**What the task asks:**
Restate word for word the lines below from the one that has "ALTの先生と一緒にカードゲームをしています。みんな仲良く取り組んでいました。" through the one that has "アップルウォッチを探している", keeping both and dropping all pictures.

Data excerpts START

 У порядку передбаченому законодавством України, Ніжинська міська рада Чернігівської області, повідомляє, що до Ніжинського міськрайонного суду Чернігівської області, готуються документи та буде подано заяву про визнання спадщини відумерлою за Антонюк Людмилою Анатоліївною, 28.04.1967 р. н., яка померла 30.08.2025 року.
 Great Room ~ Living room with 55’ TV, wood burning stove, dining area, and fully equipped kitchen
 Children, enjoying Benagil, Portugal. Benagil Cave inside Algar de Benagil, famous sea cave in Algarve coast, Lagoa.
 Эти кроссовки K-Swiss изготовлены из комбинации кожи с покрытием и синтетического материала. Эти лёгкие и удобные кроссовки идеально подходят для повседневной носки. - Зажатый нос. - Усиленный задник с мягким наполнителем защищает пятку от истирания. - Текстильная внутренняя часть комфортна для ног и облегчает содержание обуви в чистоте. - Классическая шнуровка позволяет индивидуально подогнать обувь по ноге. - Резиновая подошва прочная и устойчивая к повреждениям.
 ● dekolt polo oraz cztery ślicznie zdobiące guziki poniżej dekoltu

Data excerpts END
Data excerpts START

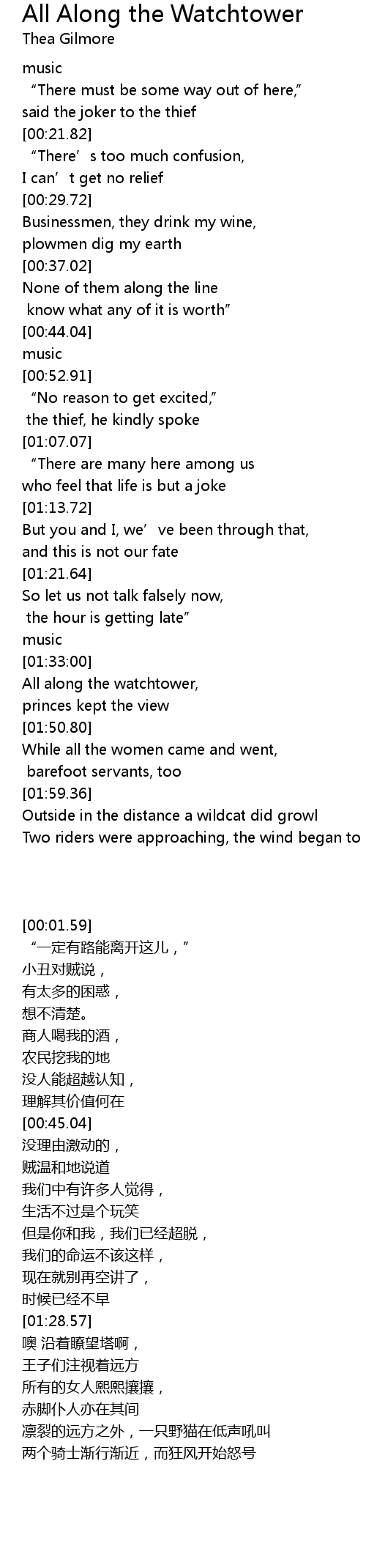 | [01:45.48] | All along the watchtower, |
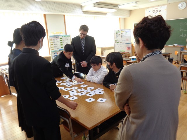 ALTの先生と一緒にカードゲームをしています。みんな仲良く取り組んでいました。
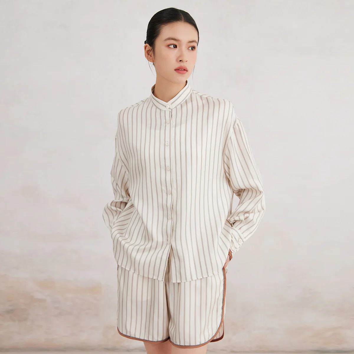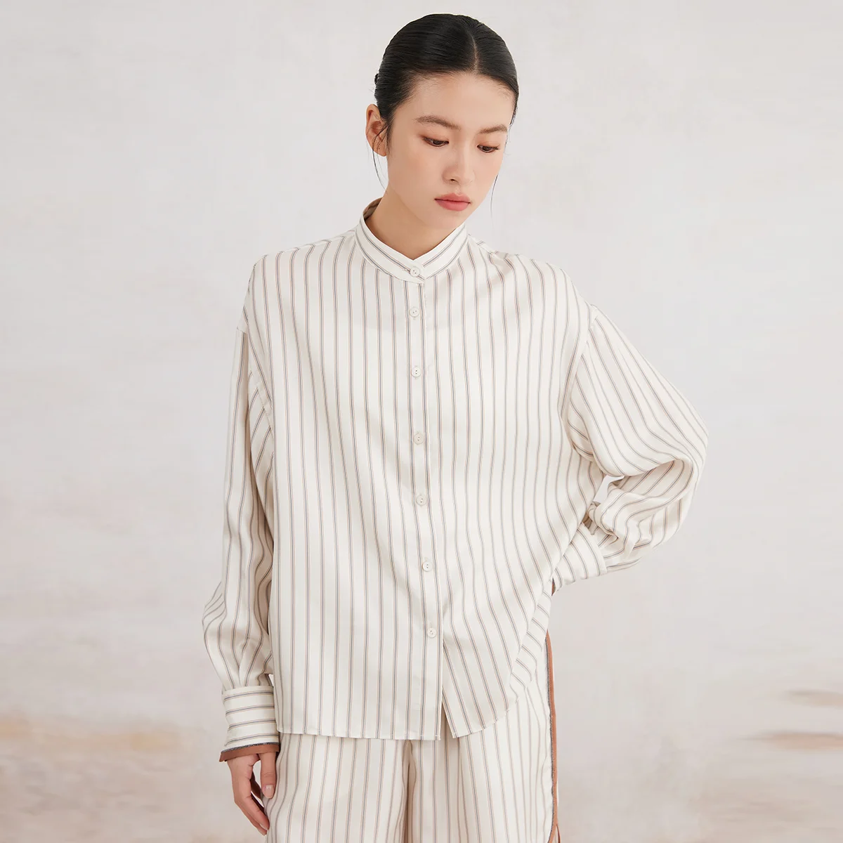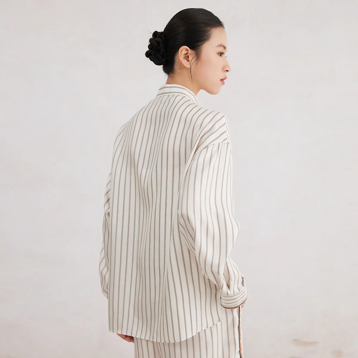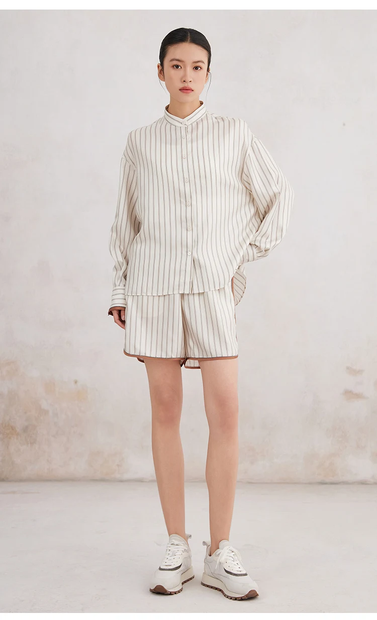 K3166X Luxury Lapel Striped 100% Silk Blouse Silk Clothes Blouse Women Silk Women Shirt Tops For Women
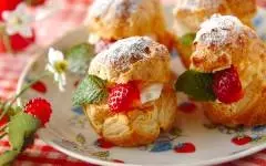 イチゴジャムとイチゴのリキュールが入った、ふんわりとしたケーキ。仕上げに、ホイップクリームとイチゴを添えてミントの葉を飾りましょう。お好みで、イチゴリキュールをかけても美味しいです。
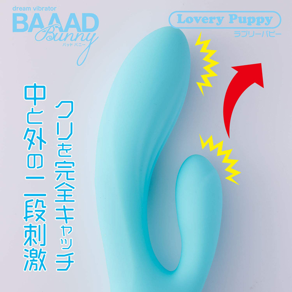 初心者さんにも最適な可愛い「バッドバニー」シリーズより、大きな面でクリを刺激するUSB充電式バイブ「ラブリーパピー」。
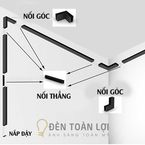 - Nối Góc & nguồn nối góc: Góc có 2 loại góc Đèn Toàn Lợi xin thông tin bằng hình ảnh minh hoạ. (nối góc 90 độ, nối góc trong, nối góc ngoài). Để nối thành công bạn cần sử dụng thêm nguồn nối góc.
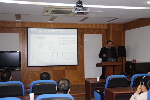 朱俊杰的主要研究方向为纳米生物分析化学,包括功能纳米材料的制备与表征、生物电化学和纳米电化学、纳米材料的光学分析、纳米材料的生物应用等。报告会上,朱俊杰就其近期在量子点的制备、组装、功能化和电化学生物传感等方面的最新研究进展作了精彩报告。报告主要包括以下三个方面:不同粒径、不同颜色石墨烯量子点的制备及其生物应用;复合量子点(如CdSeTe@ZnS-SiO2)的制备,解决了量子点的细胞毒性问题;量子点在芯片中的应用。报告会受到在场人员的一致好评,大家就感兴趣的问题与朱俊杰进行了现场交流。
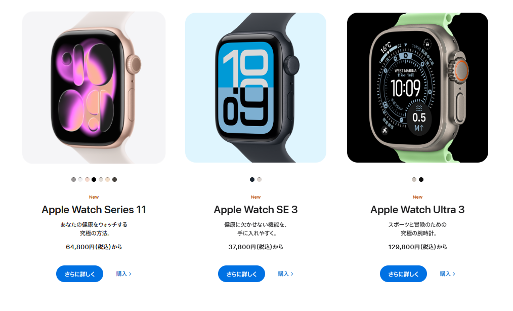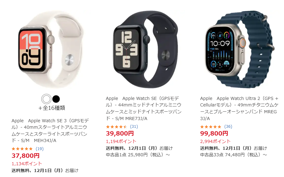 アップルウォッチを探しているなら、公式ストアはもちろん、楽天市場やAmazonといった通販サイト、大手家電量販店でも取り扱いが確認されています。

Data excerpts END

**Solution to this exercise:**
 ALTの先生と一緒にカードゲームをしています。みんな仲良く取り組んでいました。
 K3166X Luxury Lapel Striped 100% Silk Blouse Silk Clothes Blouse Women Silk Women Shirt Tops For Women
 イチゴジャムとイチゴのリキュールが入った、ふんわりとしたケーキ。仕上げに、ホイップクリームとイチゴを添えてミントの葉を飾りましょう。お好みで、イチゴリキュールをかけても美味しいです。
 初心者さんにも最適な可愛い「バッドバニー」シリーズより、大きな面でクリを刺激するUSB充電式バイブ「ラブリーパピー」。
 - Nối Góc & nguồn nối góc: Góc có 2 loại góc Đèn Toàn Lợi xin thông tin bằng hình ảnh minh hoạ. (nối góc 90 độ, nối góc trong, nối góc ngoài). Để nối thành công bạn cần sử dụng thêm nguồn nối góc.
 朱俊杰的主要研究方向为纳米生物分析化学,包括功能纳米材料的制备与表征、生物电化学和纳米电化学、纳米材料的光学分析、纳米材料的生物应用等。报告会上,朱俊杰就其近期在量子点的制备、组装、功能化和电化学生物传感等方面的最新研究进展作了精彩报告。报告主要包括以下三个方面:不同粒径、不同颜色石墨烯量子点的制备及其生物应用;复合量子点(如CdSeTe@ZnS-SiO2)的制备,解决了量子点的细胞毒性问题;量子点在芯片中的应用。报告会受到在场人员的一致好评,大家就感兴趣的问题与朱俊杰进行了现场交流。
 アップルウォッチを探しているなら、公式ストアはもちろん、楽天市場やAmazonといった通販サイト、大手家電量販店でも取り扱いが確認されています。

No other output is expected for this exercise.